## REQUIREMENT
Each line below from the line with "Mexicos økonomiske stabilitet" to the line with "Das Design für einen einfachen Zugriff" must be copied exactly, including those two, and no picture may appear in the copy.
-- RECORDS PROVIDED follows --
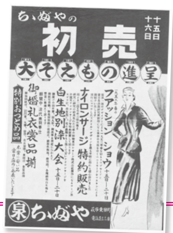
ちちぶや初売の広告
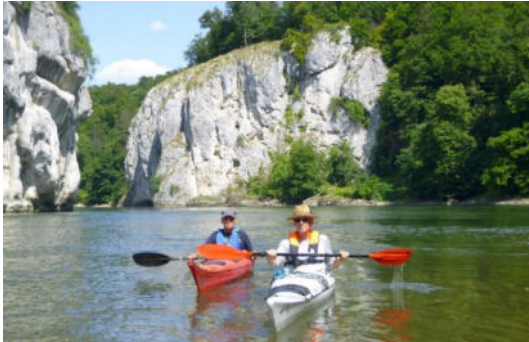
Donau - Weltenburger Enge

Die Donau, nicht allzu weit entfernt, wollten wir auch noch befahren. Bei Neustadt a.D. setzten wir unsere Boote ein. Mit flotter Strömung erreichten wir unseren ersten Pausenort bei Eining an der Fähre, danach war es nur noch ein kurzes Paddelstück bis zum Kloster Weltenburg. Dort stärkten wir uns mit frischem Dunkelbier und einer kleinen Vesper im Klostergarten.
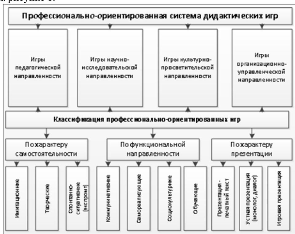
Рис. 1 - Профессионально-ориентированная система дидактических игр

Схема профессионально-ориентированной системы дидактических игр приведена на рисунке 1.
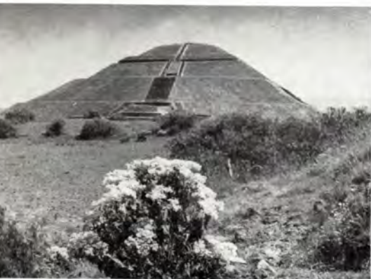
Mexico City. The sun pyramid in Teotihuacán, the old holy town of the Aztecs.

Mexicos økonomiske stabilitet og landets hurtige industrielle udvikling, er der ingen tvivl om, at Comercial Danesa har en god fremtid for sig her.
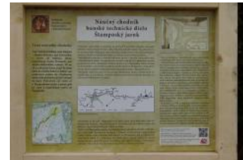
Prvá všeobecná informačná tabuľa na začiatku trasy

Pukanská časť jarku, ktorá ide proti toku vody, sa začína na Strákotke. Z námestia tam vedie zelená turistická značka, ktorá pokračuje na Krížny buk. Trasa pokračuje cez Babú dolinu, ponad Chudú do Hampochu, kde sa končí a napája sa na štátnu cestu a späť do Pukanca. Trasa meria približne 2 km a sú na nej umiestnené 3 náučné tabule.
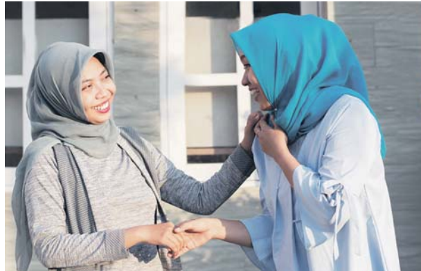
BERBUAT baiklah dan bantu orang yang berhampiran dengan kita jika mereka memerlukan pertolongan.

Mengakhiri perkongsian ilmunya, beliau berkata, sabar itu besar pahalanya. "Akan tetapi, sabar itu hanyalah untuk diri sendiri. Tapi, kekayaan yang disyukuri oleh seseorang adalah untuk dia dan masyarakat," katanya.
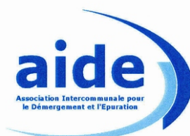
largeur : 35 mm
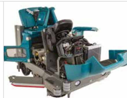
Das Design für einen einfachen Zugriff

▶ Ein großer hydraulischer Kehrgutbehälter mit stufenloser Hochentleerung (110 l | 177 kg) erhöht die Reinigungsleistung, da das Kehrgut nicht mehr manuell entleert werden muss.
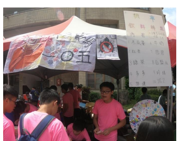
園遊會禁菸標示 Logo 創作競賽得獎班及照片
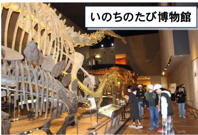
いのちのたび博物館
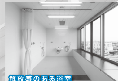
解放感のある浴室
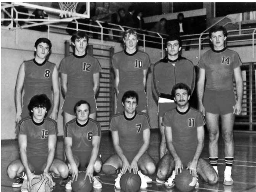
Moštvo KK Lindau 1978
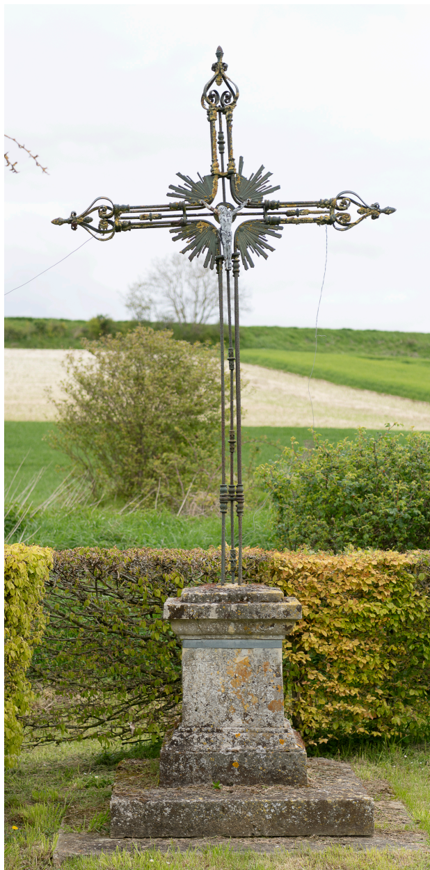
Croix de chemin de la route de Fransures au nord-est du village, vue depuis le sud.
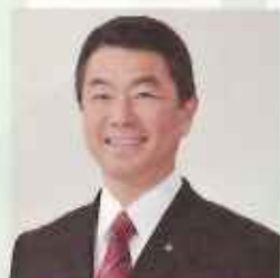
宮城県知事 村井嘉浩
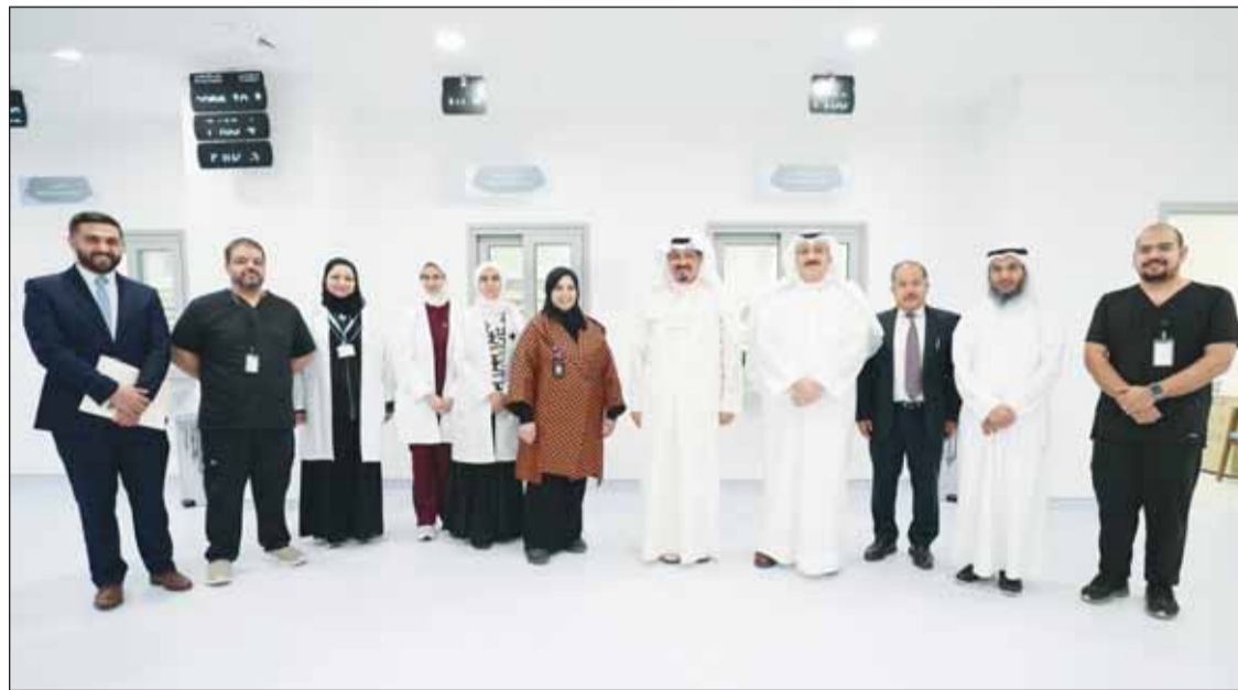
سمو رئيس مجلس الوزراء الشيخ أحمد العبدالله ووزير الصحة د. أحمد العوضي خلال الجولة التفقدية لمستشفى الولادة الجديد

يتكون المستشفى من أربعة مبان ويضم ستة أدوار متصلة بالإضافة إلى السرداب والدور الأرضي وثلاثة أبراج كبيرة.
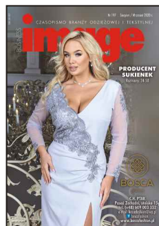
materiał na okładce: BOSSCA FASHION
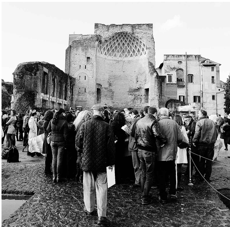
Le temple de Vénus et Rome, construit au II e siècle, se situe au cœur du Forum romain, près du Colisée.

Des statues gigantesques ornaient les deux temples : Roma faisait face au Forum, tandis que
-- RECORDS PROVIDED concluded --
## TASK SOLUTION
Mexicos økonomiske stabilitet og landets hurtige industrielle udvikling, er der ingen tvivl om, at Comercial Danesa har en god fremtid for sig her.
Prvá všeobecná informačná tabuľa na začiatku trasy

Pukanská časť jarku, ktorá ide proti toku vody, sa začína na Strákotke. Z námestia tam vedie zelená turistická značka, ktorá pokračuje na Krížny buk. Trasa pokračuje cez Babú dolinu, ponad Chudú do Hampochu, kde sa končí a napája sa na štátnu cestu a späť do Pukanca. Trasa meria približne 2 km a sú na nej umiestnené 3 náučné tabule.
BERBUAT baiklah dan bantu orang yang berhampiran dengan kita jika mereka memerlukan pertolongan.

Mengakhiri perkongsian ilmunya, beliau berkata, sabar itu besar pahalanya. "Akan tetapi, sabar itu hanyalah untuk diri sendiri. Tapi, kekayaan yang disyukuri oleh seseorang adalah untuk dia dan masyarakat," katanya.
largeur : 35 mm
Das Design für einen einfachen Zugriff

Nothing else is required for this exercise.